Disclosure of Invention
The invention aims to provide a preparation method of a visible light response ZnS @ g-C3N4 semiconductor photocatalyst.
The material of the invention is a semiconductor heterojunction, and is structurally characterized in that:
1) porous microsphere assembled by fine single crystal with nano zinc sulfide (ZnS) structure of 5 nm and deposited on g-C of lamella3N4The two forms a heterostructure with larger specific surface area;
2)g-C3N4the lamellar structure provides a growth platform for ZnS, and can be effectiveAnd the agglomeration phenomenon of ZnS is reduced.

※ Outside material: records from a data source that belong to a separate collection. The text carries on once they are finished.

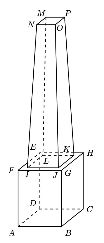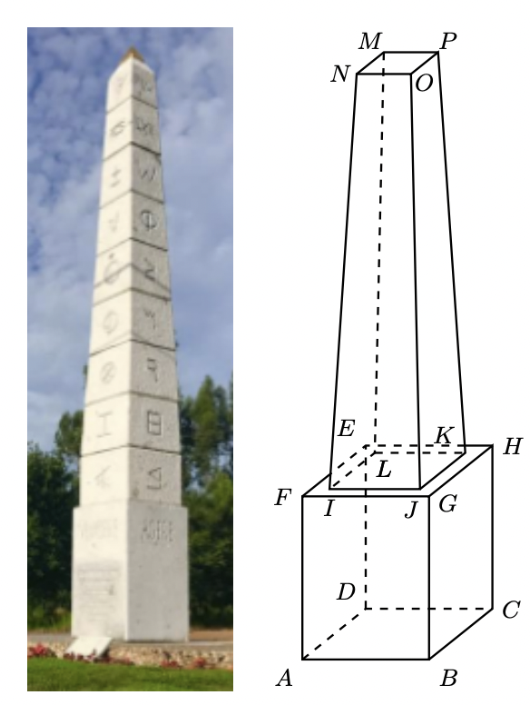 O volume do obelisco representado $\left(V_{O}\right)$, pode ser obtido pela soma dos volumes do paralelepípedo $\left(V_{[A B C D E F G H]}\right)$ e do tronco de pirâmide $\left(V_{[I J K L M N O P]}\right)$; e o volume do tronco de pirâmide $\left(V_{[I J K L M N O P]}\right)$, pode ser obtido pela diferença entre o volume da pirâmide $\left(V_{P}\right)$ e da parte da pirâmide que não pertence ao obelisco - que também é uma pirâmide $\left(V_{p}\right)$.
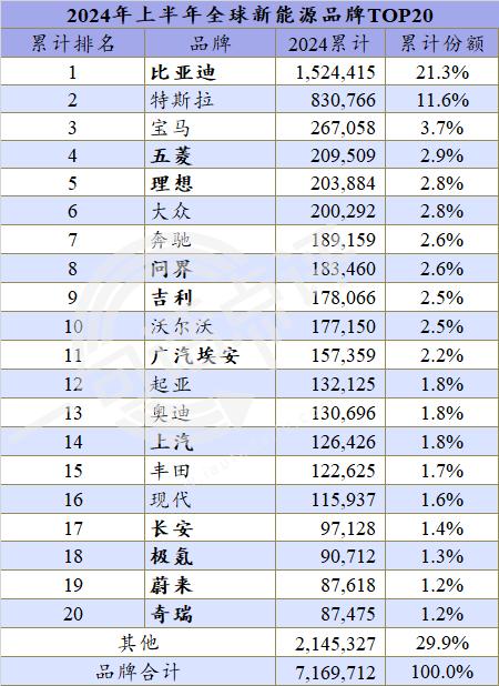 虽然时间已来到8月,全球新能源市场的两大巨头——比亚迪和特斯拉也早已交出了上半年答卷,分别为160.7万辆和83.8万辆,但日前EV-Volumes统计的6月和上半年全球新能源市场畅销车型和热门品牌榜单才出炉。
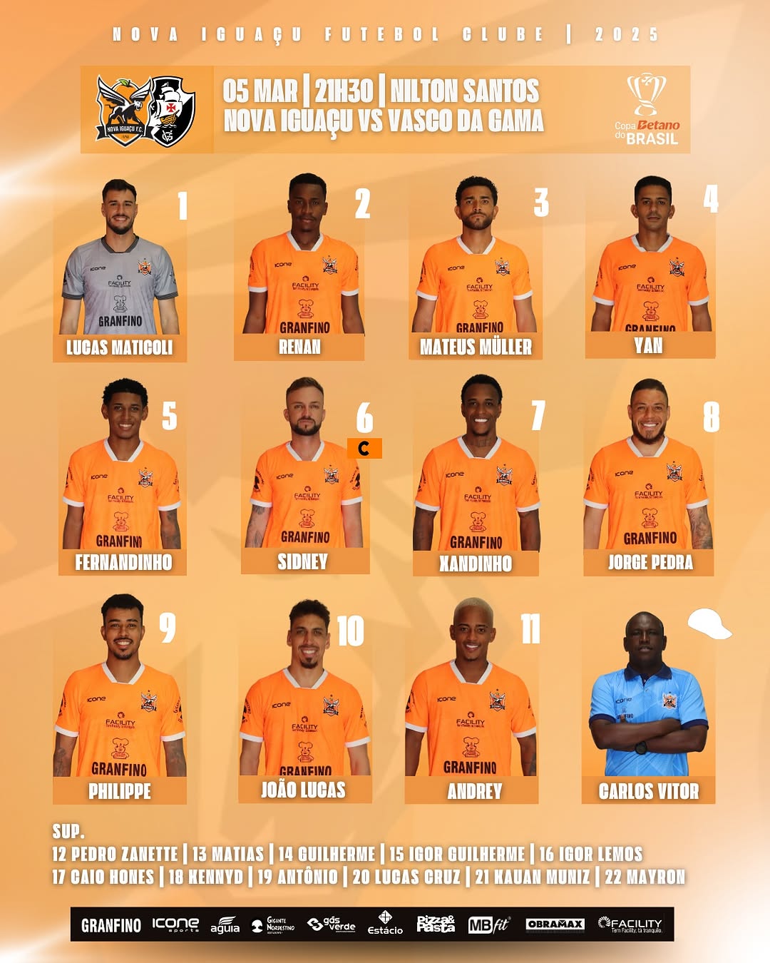 Nova Iguaçu escalado pelo técnico Carlos Vitor. 🍊
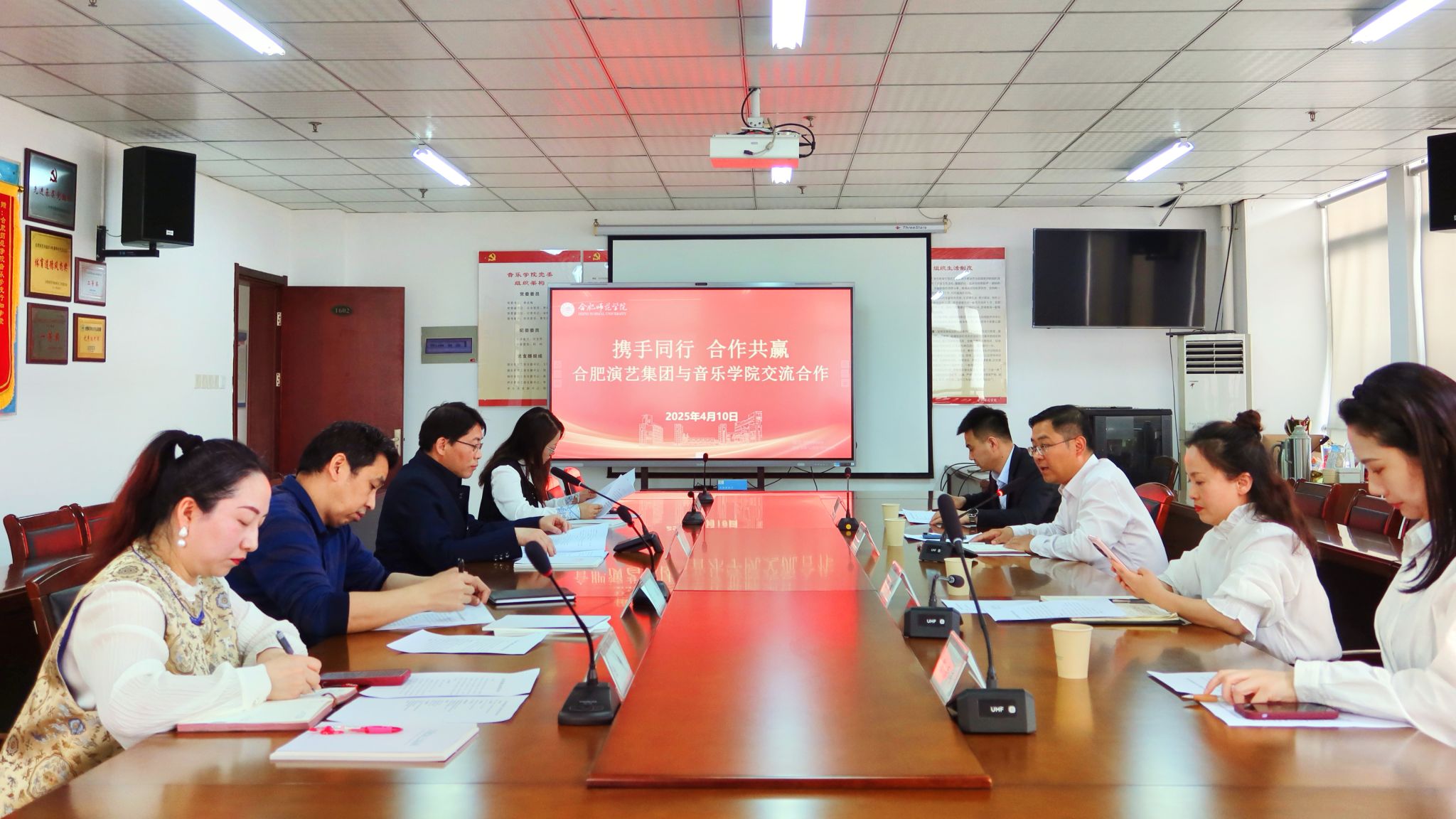 在积极响应国家关于推动文化艺术普及与合作的政策精神指导下,4月10日,合肥演艺集团一行莅临beat365中文官方网站音乐学院就具体合作事宜展开交流。出席会议的有合肥演艺集团党委书记、董事长赵斌,战略发展与品牌推广部副部长戴璐,合肥大剧院副总经理乔文,公共事务部副经理陈韦韦。音乐学院院长、党委副书记李劲松、音乐学院党委副书记、纪委书记宋辉、党委委员、副院长康勤及实践实训中心主任陆伟参会交流。此次合作旨在通过资源共享、优势互补,共同推动合肥市文化艺术事业的繁荣发展。
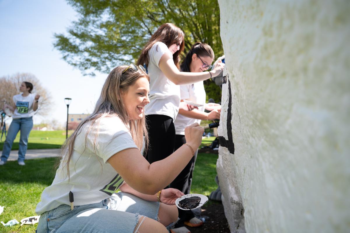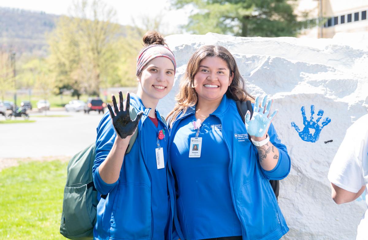 Hands-on helpers, indeed! Nursing students prepare to "make their mark" on the campus landmark.

The preparation method is characterized in that:
1) ultrasonic treatment: g to C3N4Dissolving in appropriate amount of glycol solution, and performing ultrasonic treatment for 25-35 min;
2) mixing and stirring: mixing thiourea and zinc acetate dihydrate with a certain molar ratio with the solution obtained in the step 1), and stirring at room temperature for 25-35 minutes;
3) heating: putting the mixture obtained in the step 2) into a 100 ml stainless steel reaction kettle with a polytetrafluoroethylene lining, sealing the reaction kettle with the filling degree of 80 percent, putting the reaction kettle into a 150-DEG C and 200-DEG C drying oven, and reacting for 10-14 hours under the action of autogenous pressure. Turning off the power supply of the oven, and naturally cooling to room temperature to obtain light yellow precipitate;
4) washing and drying: washing the precipitate obtained in the step 3) with distilled water for 3-5 times, and then drying in a vacuum drying oven at 60-90 ℃ for 8-12h to obtain ZnS @ g-C3N4A heterojunction photocatalyst;
the invention provides a ZnS @ g-C3N4 photocatalyst and a preparation method thereof, and the photocatalyst has the advantages that:
1) ZnS @ g-C of the present invention3N4The photocatalyst is obtained under the solvothermal condition, has the characteristics of small size, good appearance uniformity, large specific surface area, many reaction sites and the like, and is easier to adsorb pollutants;
2) the invention takes thiourea and zinc acetate with low cost as raw materials, adopts a solvothermal method for synthesis, has environment-friendly synthetic route, is simple and easy to implement, has low cost, and is easy for large-scale industrial production;
3) ZnS @ g-C prepared by the invention3N4The visible light degradation agent has good response to visible light, can realize effective degradation of MB and Rh.B dyes under visible light, and can be applied to the field of sewage treatment.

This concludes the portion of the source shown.